The Plastic Hippo

December 13, 2014

Question Time with Jerry Springer

Filed under: History,Media,Politics,Society — theplastichippo @ 2:00 am
Tags: , , , , ,
Via bbcqt

Via bbcqt

I stopped watching BBC Question Time months ago because it had become simply too annoying but, after all the fuss, I watched the latest pantomime on I-player. I was annoyed by about four minutes in but the irritation at what now passes for political debate evaporated to be replaced by a profound sense of gloom at what UK politics has become.

Back in 1979, with Thatcher only four months into her stay at Number 10, it must have seemed a good idea to put Any Questions on the telly. The format of having three politicians plus a notable academic or newspaper editor or religious leader taking unseen questions from “members of the public” ticked a lot of news and current affairs boxes in the BBC Charter. With Robin Day holding the good and the great to account, it made for interesting viewing. Although annoyingly pompous, Robin Day stuck to his rule of only asking the same question three times and leave the audience to judge the unwillingness of a politician to deliver an answer.

In 1998, with Blair about a year into his stay at Number 10, independent media company Mentorn started producing the programme and began to change the format. The good and the great increased to five and worthy professors, journalists and bishops were slowly replaced by professional controversialists with a thin veneer of intellectual credibility covering a molten core of outrageous bigotry. When Mentorn successfully retained the franchise, left-wing comedians and entertainers were added to the mix not in the pursuit of political balance but in the shameless desire to boost viewing figures.

Dark rumours of manipulation, particularly involving the choice of panellists, audience selection and editorial guidelines on which questions would be allowed have dogged Question Time since the very beginning. At the start, with a two party system and the Liberals reeling from the Thorpe trial, it was a straight fight between two grey men in suits. To conform to strict impartiality, the audience had to reflect a balanced cross-section of the electorate and questions were chosen on the basis of relevance and topicality. How times have changed.

Until very recently, it seems rather odd that not a single member of the QT audience asked a question about the NHS. Some months ago, when taking a supplementary comment from the crowd, Mr Dimbleby, formerly of the Bullingdon Club, tersely said: “we`re not going to talk about the NHS”. As for the audience reflecting the electorate, it would seem that selection is based on people who are likely to shout a lot in favour of one party and shout even louder against other parties and in so doing boost ratings.

Before I stopped watching it, I found it more entertaining to spot the caricatures in the audience bussed in from central casting. There would be an old bloke in a blazer hating Europe; a slightly hysterical woman with dyed hair and piercings too young to remember Thatcher bleating about Thatcher. There would be a nervous “professional” complaining that after 20 years working in the same boring job they have not seen any improvement in their job prospects and there would some clean-cut young man in a tie blaming government for not allowing him to be a millionaire or have a girlfriend. Incidentally, any young man who wears a tie at any occasion other than a job interview, a court appearance or a funeral needs to be viewed with deep suspicion.
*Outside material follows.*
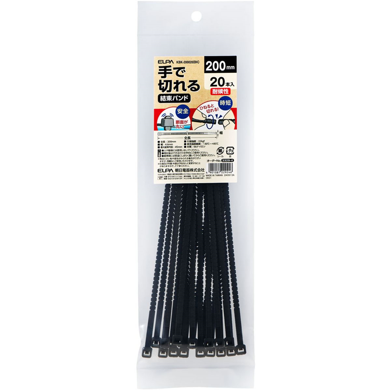 朝日電器 手で切れる結束バンド 200mm 耐候 ブラック 20本 1パック(ご注文単位1パック)【直送品】

As usual I might be complete wrong, but over the last four years it seems that the only person to appear on QT more than Dimbleby is the odious Farage creature or his equally obnoxious lieutenants. I stopped watching the programme before his party gained a couple of MPs through defection so I guess his appearances are now more significant than those of Caroline Lucas. For all his blindingly obvious faults and hypocrisy, the Kipper-in-Chief has achieved something quite remarkable. He has split the Conservative Party and forced the Labour Party to abandon its core principles. By inventing a completely bogus threat to society he has engineered a toxic zeitgeist where people are frightened by immigration because people have been told that people are frightened by immigration. When confronted with evidence that migration to and from the UK benefits the economy, he dismisses facts as being irresponsible lies.

Complicit in this repeat of horrific history is a media desperate for circulation. The BBC shamelessly promoted the confrontation between the Farage creature and the equally unpleasant Russell Brand as if it were a rumble in the jungle boxing match. Viewing figures soared; job done. It was like watching a fight between cancer and Ebola knowing that both would win.

There was one particularly chilling moment that made me realise that the Farage creature`s plan is working. Based on a report published that very day, an audience member said that immigrants should be vetted to exclude criminals. She said that we should not allow “rapists and murderers” UK citizenship. Her fear seems perfectly reasonable until you consider the facts of the report. It looked at 150 cases and found that three per cent of those had a dubious past. As was widely reported across all media, one individual had stabbed another person to death. We will never know the circumstances of that event in terms of possible self-defence in a rogue state, a conflict zone or perhaps an attempted rape, but the inference is that all immigrants are rapists and murderers. As politicians are so fond of saying:

Let`s be clear…one individual.

On BBC Question Time a shouting match ensued worthy of Jerry Springer. Great for viewing figures but not good for the future. As the white, working class hurled insults at each other; Nigel leant back in his chair and smiled.